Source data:

Segment Open

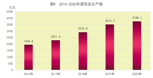 全年规模以上工业企业完成营业收入7387.8亿元,比上年增长14.3%,利润总额407.3亿元,增长40.6%,营业收入利润率为5.5%。41个大类行业中,营业收入超百亿的行业达到15个,总量占比92.7%。其中,黑色金属冶炼和压延加工业、汽车制造业超过千亿规模。 全年规模以上工业产品产销率为98.7%。所生产的174种大类产品中,有94种产品产量实现增长,增长面为54.0%。其中,增幅超过30%的产品有37种,占比为21.3%,比上年提高7.5个百分点。生产载货汽车39.4万辆,增长92.7%,汽车用发动机、汽车仪器仪表分别增长74.7%、55.4%。光缆、工业机器人、高温合金分别增长50.1%、24.6% 、13.4%。 全年建筑业增加值1181.8亿元,比上年增长3.9%,占GDP比重11.7%。房屋施工面积达到17089.9万平方米。主营业务为建筑业、具有总承包和专业承包资质的、有工作量的建筑业企业1033家,比上年增加168家。实现建筑业总产值3748.1亿元,增长6.7%。其中,国有及国有控股企业产值2842.9亿元,增长10.3%。签订合同额9823.0亿元,增长17.0%。其中,本年新签合同额5531.7亿元,增长22.0%。
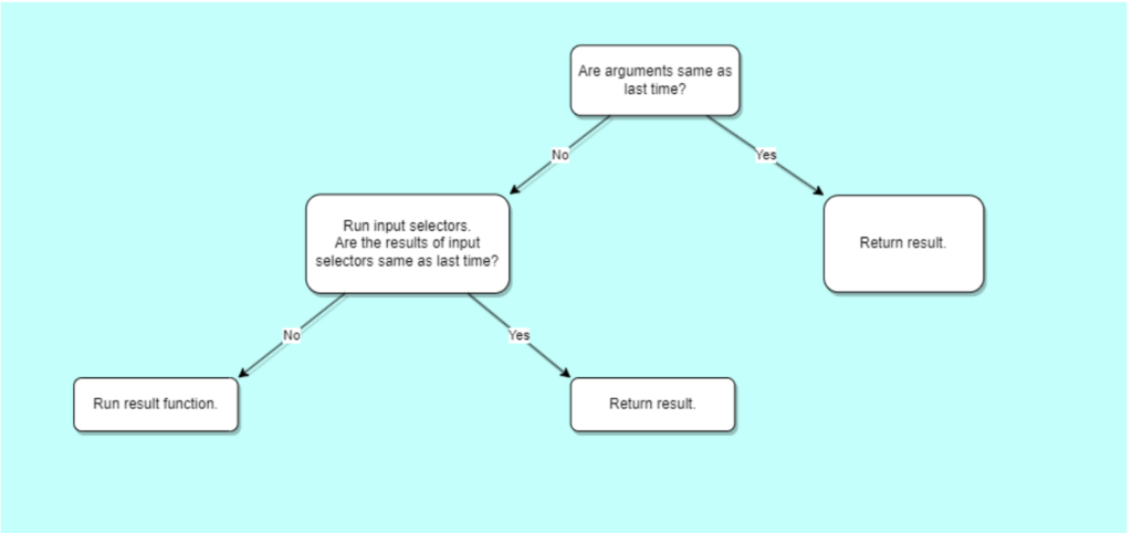 ただし、reselectのメモ化 Cascading Memoization だと、①与えられた引数が前回と同じ値かどうか比較する ②入力セレクタ(input selectors)を実行し、現在の結果を以前の結果と比較する
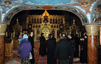 After breakfast, the students began a tour of Holy Trinity Monastery and seminary, including the print shop, and icon studio, and Holy Trinity Cathedral. Archimandrite Luke (Murianka), Rector of Holy Trinity Seminary, addressed the students offering some thoughts on pastoral responsibilities. Afterwards, all were anointed with myrrh from the newly revealed myrrh-streaming icon of the Theotokos “Softening of Evil Hearts”. Hieromonk Roman and Ryassophore-monk Benjamin spoke about some of the monks of Holy Trinity Monastery of blessed memory, especially Archimandrite Cyprian.
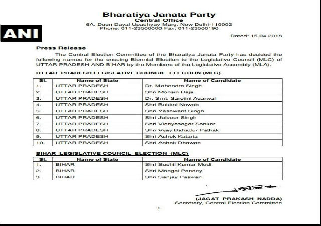 The Bharatiya Janata Party (BJP) on Sunday released list of candidates for upcoming Legislative Council (MLC) elections in Uttar Pradesh and Bihar.
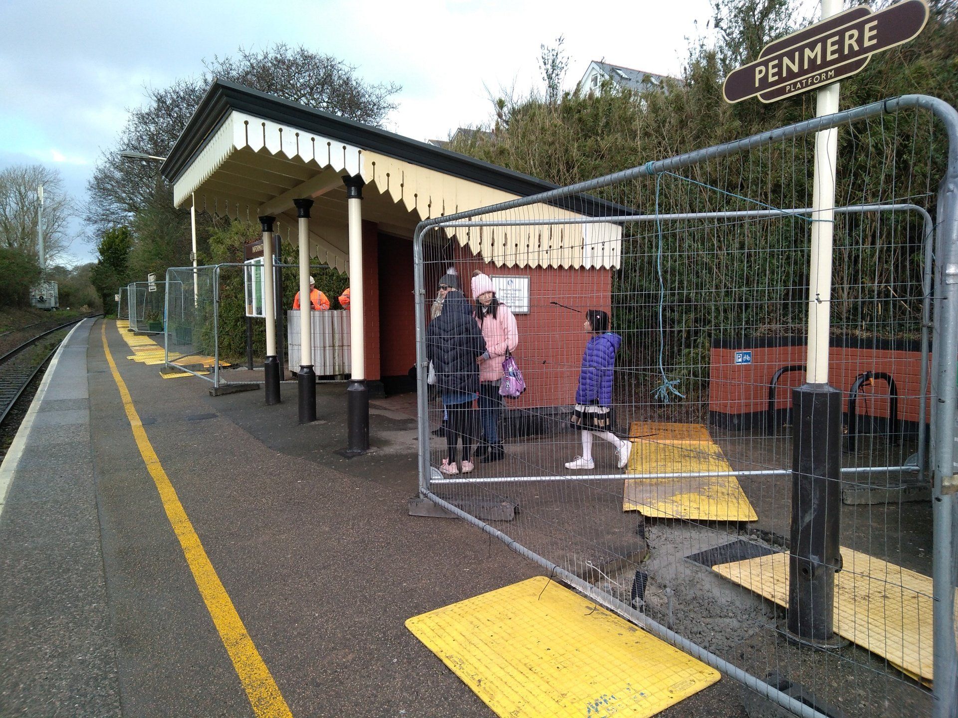 Heavy duty Network Rail alterations on the station platform.This involved digging a trench along the whole platform for new lighting cabling. February 2020.
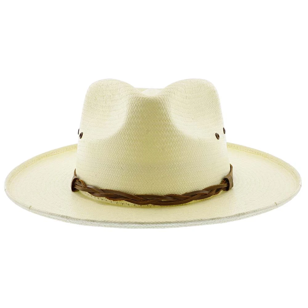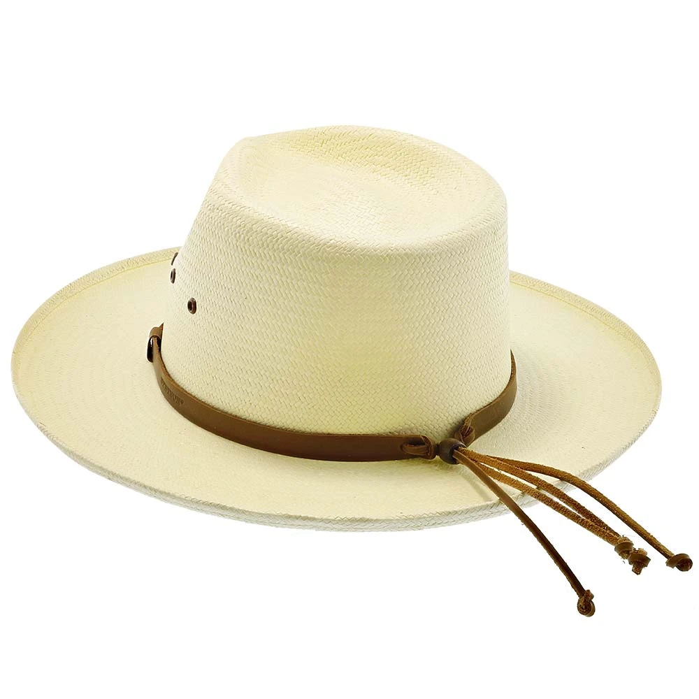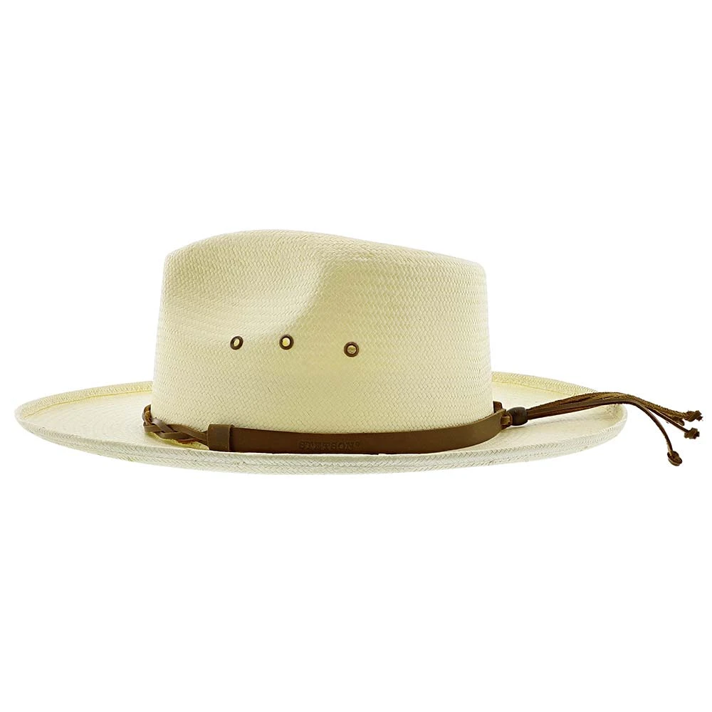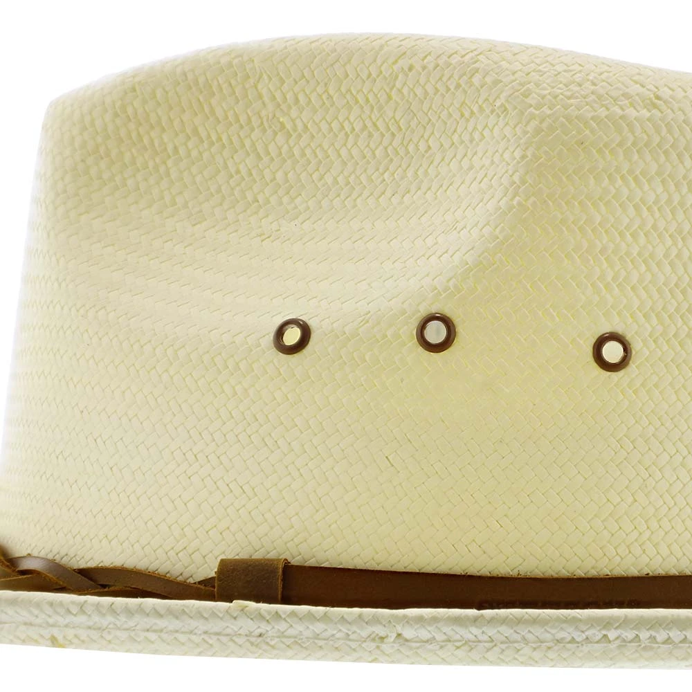 Flaunt your inner cowboy with the Helena Toyo Straw Western Hat by Stetson. Whether you’re going to a rodeo or going out to dinner, this hat provides a classic western style. Made of 100% toyo straw, this hat has a firm finish and is ventilated on the side of the crown with three, stylish eyelets. The leather band wrapped around the crown is braided and tied to the hat with tassels and a circular, wooden toggle to adjust the length. The band has the classic Stetson logo included on the side. Under the hat is the DRI-LEX® technology band that absorbs sweat.
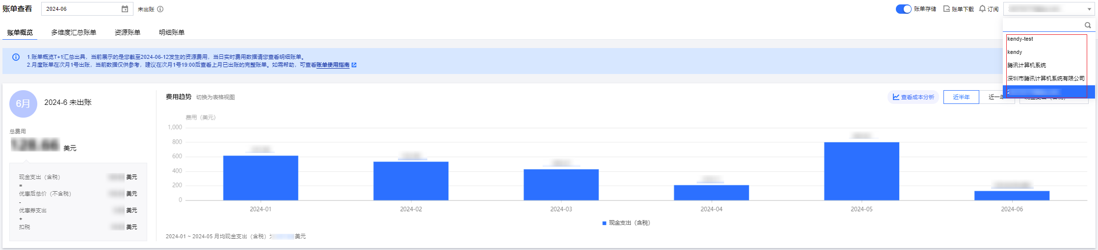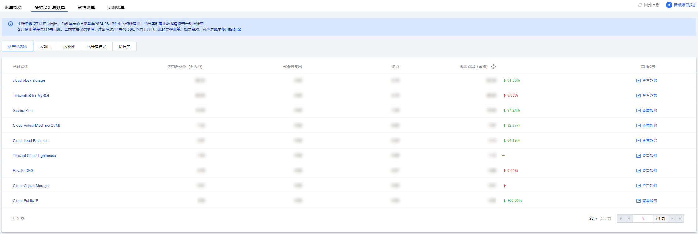多维汇总账单数据 T+1 出具,非实时数据。实时数据请前往 明细账单 查看。 通过产品名称、项目、地域、计费模式、标签多维度汇总的账单费用。支持查看总费用环比变化率、变化趋势。也支持查看各维度汇总费用近半年的变化趋势。
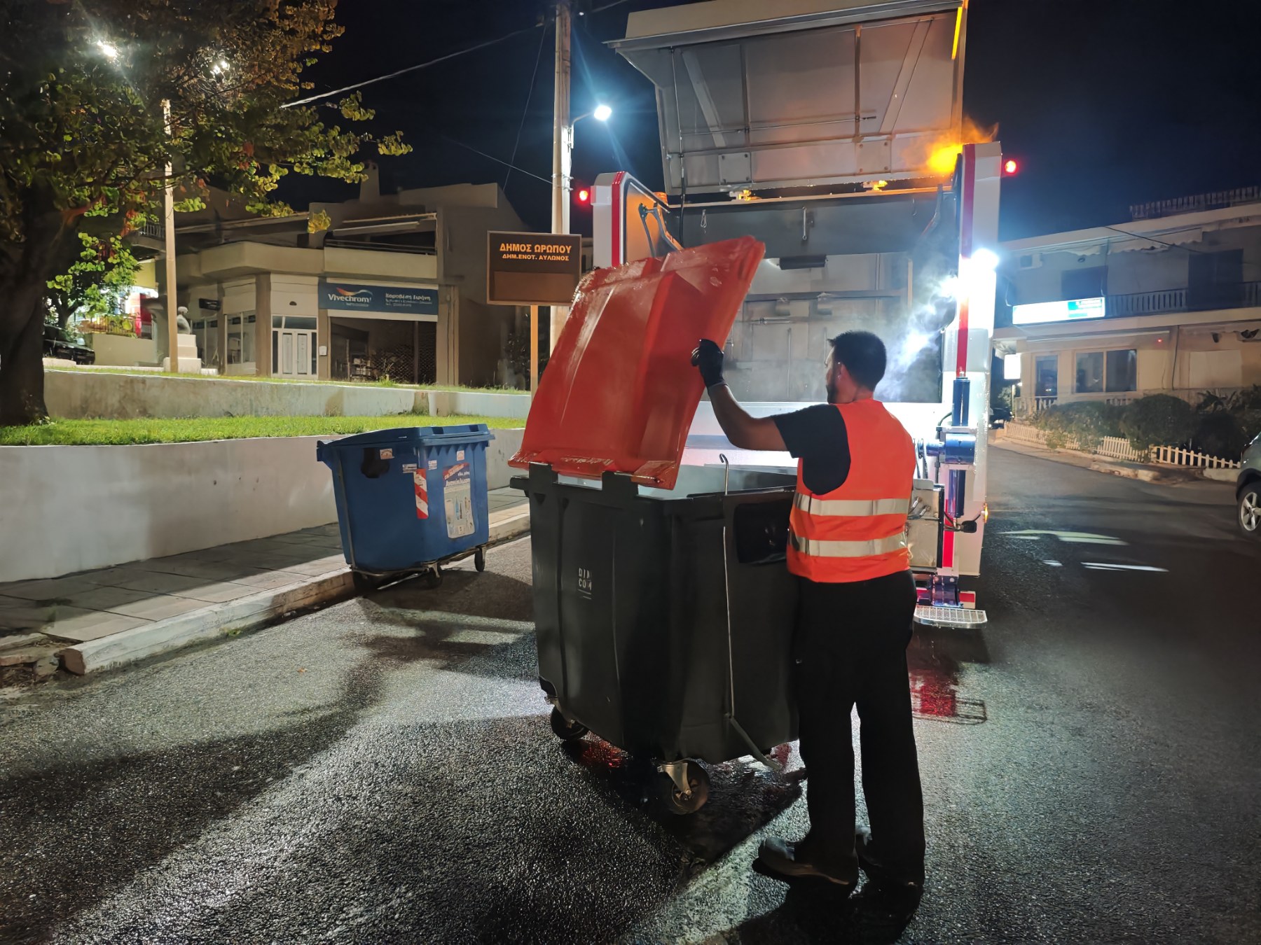 Ο Δήμαρχος Ωρωπού Γιώργος Γιασημάκης βρέθηκε στον Αυλώνα και παρακολούθησε τη σημαντική διαδικασία πλύσης των κάδων των οικιακών απορριμμάτων.
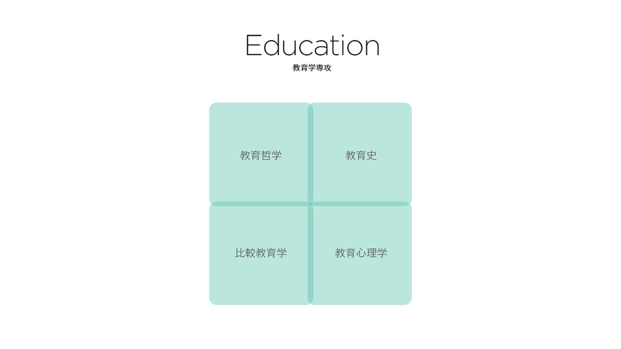 The Major in Education promotes advanced research across five domains: philosophy of education, history of education, comparative education, educational psychology, and school education. Its committee comprises tenured faculty from the Faculty of Letters’ Major in Education and the Teacher Training Course Center.Rather than limiting research to school education, the major covers broad human development activities from theoretical, historical, empirical, and experimental perspectives. As the three majors operate independently of undergraduate faculties, the Graduate School Committee includes members from the Faculty of Letters’ Department of Sociology, Psychology, Education and Human Sciences, as well as the Faculty of Economics, the Faculty of Law, the Teacher Training Course Center, and the Institute for Journalism, Media & Communication Studies.

Segment Closed

◆ Task instructions:
Restate every line above word for word. Do not carry over the images.

◆ Problem solution:
 全年规模以上工业企业完成营业收入7387.8亿元,比上年增长14.3%,利润总额407.3亿元,增长40.6%,营业收入利润率为5.5%。41个大类行业中,营业收入超百亿的行业达到15个,总量占比92.7%。其中,黑色金属冶炼和压延加工业、汽车制造业超过千亿规模。 全年规模以上工业产品产销率为98.7%。所生产的174种大类产品中,有94种产品产量实现增长,增长面为54.0%。其中,增幅超过30%的产品有37种,占比为21.3%,比上年提高7.5个百分点。生产载货汽车39.4万辆,增长92.7%,汽车用发动机、汽车仪器仪表分别增长74.7%、55.4%。光缆、工业机器人、高温合金分别增长50.1%、24.6% 、13.4%。 全年建筑业增加值1181.8亿元,比上年增长3.9%,占GDP比重11.7%。房屋施工面积达到17089.9万平方米。主营业务为建筑业、具有总承包和专业承包资质的、有工作量的建筑业企业1033家,比上年增加168家。实现建筑业总产值3748.1亿元,增长6.7%。其中,国有及国有控股企业产值2842.9亿元,增长10.3%。签订合同额9823.0亿元,增长17.0%。其中,本年新签合同额5531.7亿元,增长22.0%。
 ただし、reselectのメモ化 Cascading Memoization だと、①与えられた引数が前回と同じ値かどうか比較する ②入力セレクタ(input selectors)を実行し、現在の結果を以前の結果と比較する
 After breakfast, the students began a tour of Holy Trinity Monastery and seminary, including the print shop, and icon studio, and Holy Trinity Cathedral. Archimandrite Luke (Murianka), Rector of Holy Trinity Seminary, addressed the students offering some thoughts on pastoral responsibilities. Afterwards, all were anointed with myrrh from the newly revealed myrrh-streaming icon of the Theotokos “Softening of Evil Hearts”. Hieromonk Roman and Ryassophore-monk Benjamin spoke about some of the monks of Holy Trinity Monastery of blessed memory, especially Archimandrite Cyprian.
 The Bharatiya Janata Party (BJP) on Sunday released list of candidates for upcoming Legislative Council (MLC) elections in Uttar Pradesh and Bihar.
 Heavy duty Network Rail alterations on the station platform.This involved digging a trench along the whole platform for new lighting cabling. February 2020.
 Flaunt your inner cowboy with the Helena Toyo Straw Western Hat by Stetson. Whether you’re going to a rodeo or going out to dinner, this hat provides a classic western style. Made of 100% toyo straw, this hat has a firm finish and is ventilated on the side of the crown with three, stylish eyelets. The leather band wrapped around the crown is braided and tied to the hat with tassels and a circular, wooden toggle to adjust the length. The band has the classic Stetson logo included on the side. Under the hat is the DRI-LEX® technology band that absorbs sweat.
多维汇总账单数据 T+1 出具,非实时数据。实时数据请前往 明细账单 查看。 通过产品名称、项目、地域、计费模式、标签多维度汇总的账单费用。支持查看总费用环比变化率、变化趋势。也支持查看各维度汇总费用近半年的变化趋势。
 Ο Δήμαρχος Ωρωπού Γιώργος Γιασημάκης βρέθηκε στον Αυλώνα και παρακολούθησε τη σημαντική διαδικασία πλύσης των κάδων των οικιακών απορριμμάτων.
 The Major in Education promotes advanced research across five domains: philosophy of education, history of education, comparative education, educational psychology, and school education. Its committee comprises tenured faculty from the Faculty of Letters’ Major in Education and the Teacher Training Course Center.Rather than limiting research to school education, the major covers broad human development activities from theoretical, historical, empirical, and experimental perspectives. As the three majors operate independently of undergraduate faculties, the Graduate School Committee includes members from the Faculty of Letters’ Department of Sociology, Psychology, Education and Human Sciences, as well as the Faculty of Economics, the Faculty of Law, the Teacher Training Course Center, and the Institute for Journalism, Media & Communication Studies.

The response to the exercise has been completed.